Mechanical strain increases type I collagen expression in pulmonary fibroblasts in vitro.

Tissue remodeling is an adaptive response to mechanical tension in the lung. However, the role of pulmonary fibroblasts in this response has not been well characterized. This study investigates the influence of extracellular matrix on the response of fibroblasts to mechanical strain. Cells were cultured on flexible-bottom surfaces coated with fibronectin, laminin, or elastin and exposed to strain. Under these conditions, fibroblasts align perpendicular to the force vector.

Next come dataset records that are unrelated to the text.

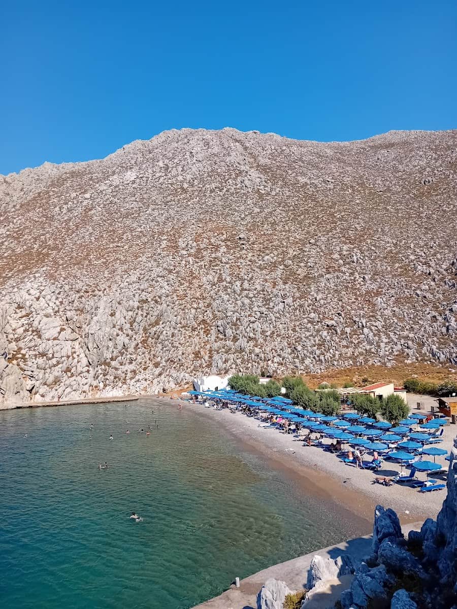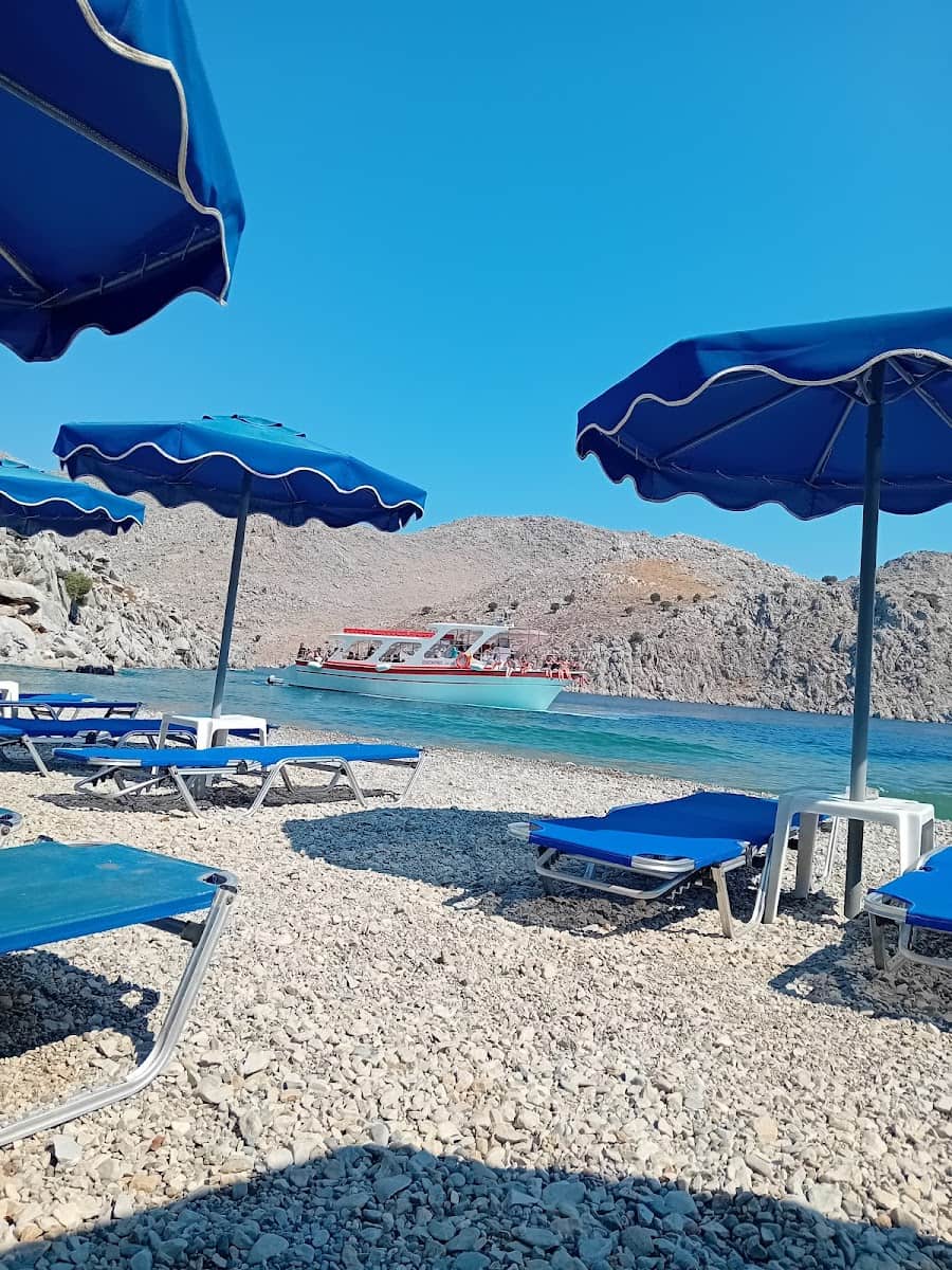 Nanou Beach is only accessible by taxi-boat from the port of Symi or by a long walk. The journey by boat takes about 30–45 minutes and brings you to a beautiful bay with blue waters and sunbeds.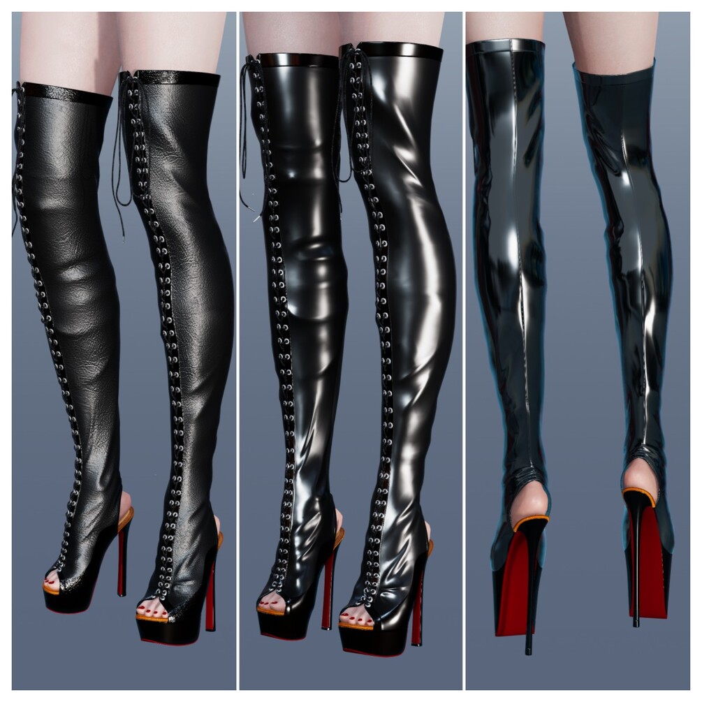 Lace High Boots A~L ( 12 in total) [6 heels * 2 sets (leather/latex) ]
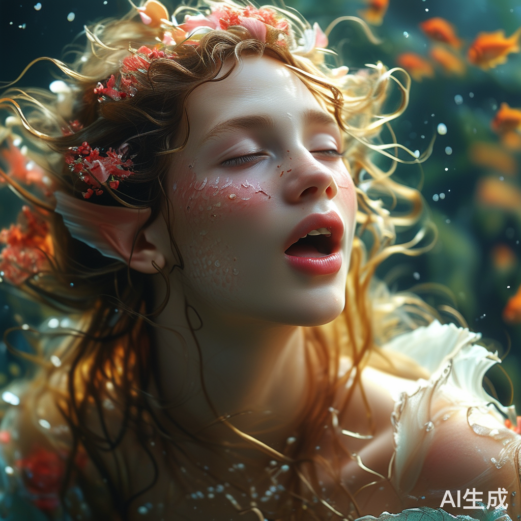 一片西瓜地上结满了圆圆的西瓜,一只白色的毛茸茸的小猫咪趴在一个西瓜上吃着一瓣红红的西瓜,画风调皮可爱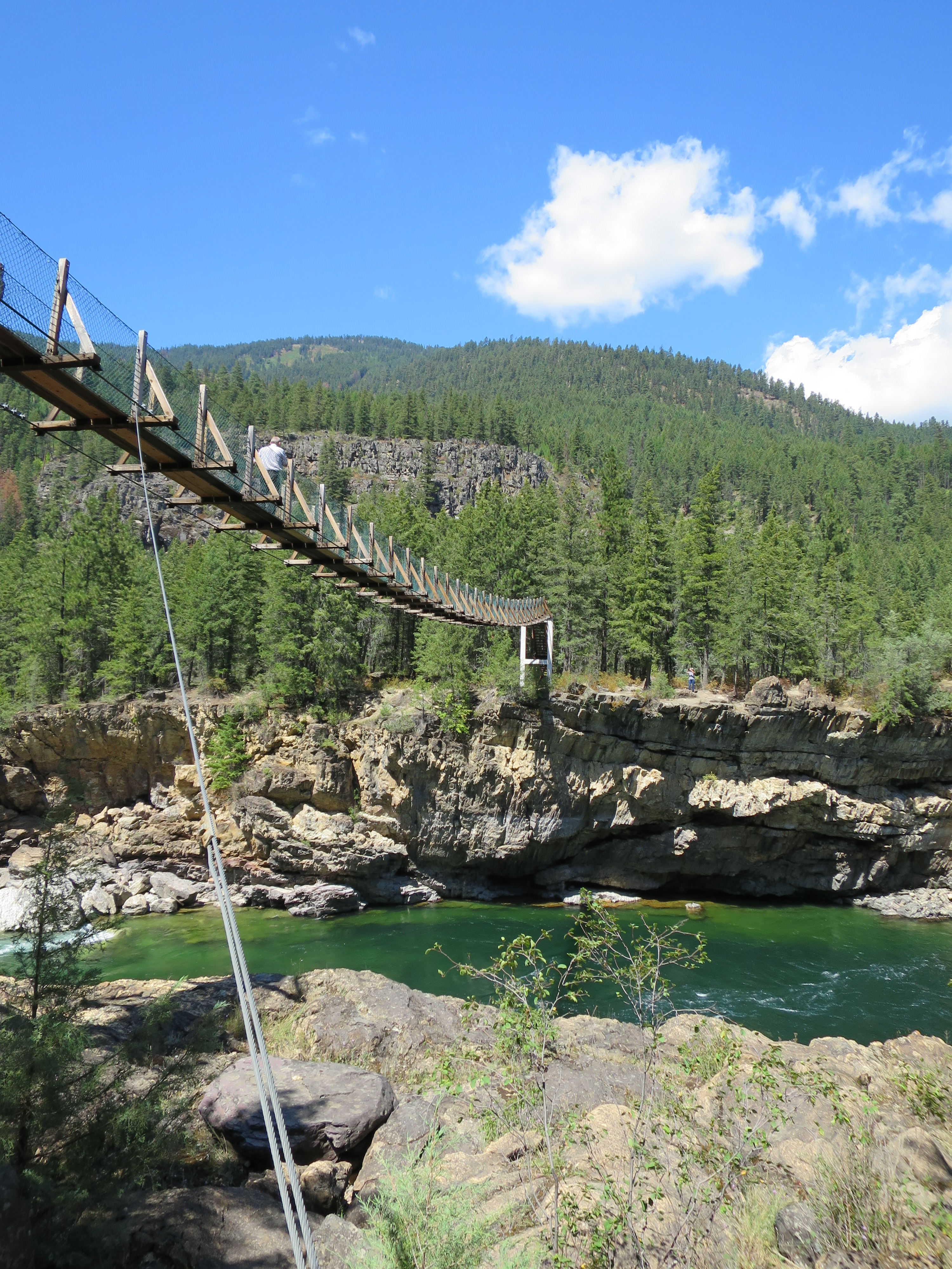 From the center, I decided two things. One, swinging bridges are not my favorite place to stand; and two, it’s probably smart to know the age of a sign that says “Limit of 5 people on bridge at a time”. A dog on the bridge with me agreed on at least the first point.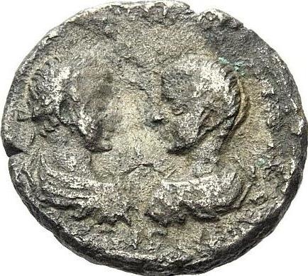 confronted bust of Caracalla, laureate, draped and cuirassed bust, right, seen from rear, and Geta, bare-headed, draped and cuirassed, left, seen from rear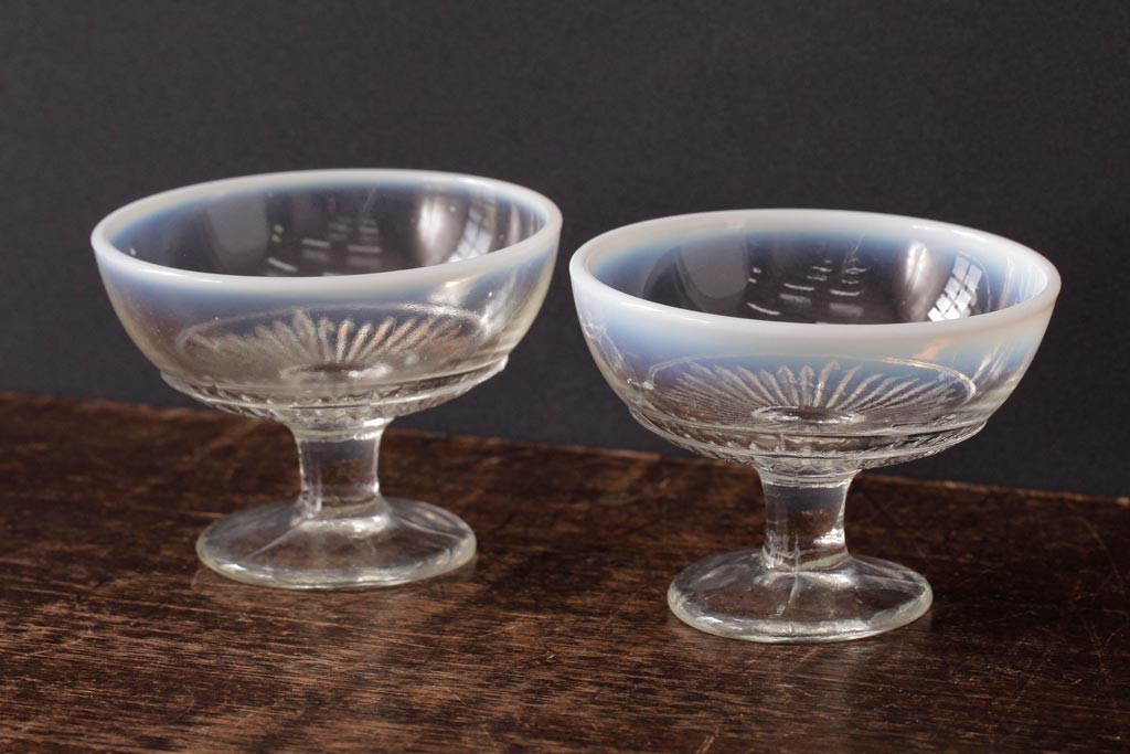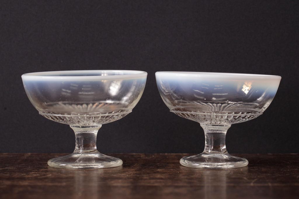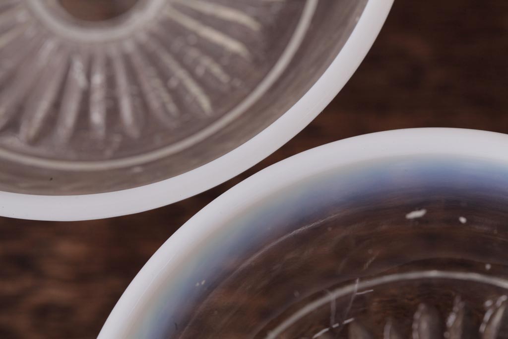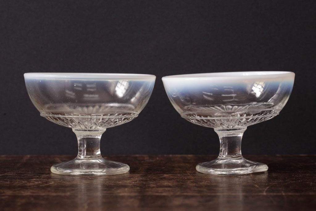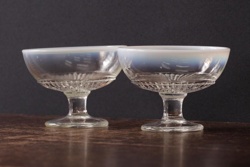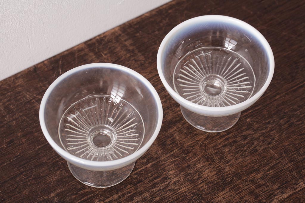 ラフジュ工房> 和食器・茶道具> 氷コップ > レトロ雑貨 昭和レトロ コレクションにもぴったりなプレスガラスの乳白暈し氷コップ2個セット(プレスガラス)(R-036836)

This stimulus results in an increase in alpha(1)(I) procollagen mRNA in cells cultured on laminin or elastin but not fibronectin. Increased alpha(1)(I) procollagen mRNA was detected 6 h after exposure to strain and reached control levels by 72 h. [(3)H]proline incorporation into newly synthesized procollagen reflects changes in mRNA levels. Strained fibroblasts cultured on laminin or elastin incorporated 190 and 114%, respectively, more [(3)H]proline into procollagen than did unstrained cells. No difference was detected in strained fibroblasts cultured on fibronectin. These results suggest that fibroblasts respond to mechanical strain in vitro, and this response is signaled by cell-extracellular matrix interactions.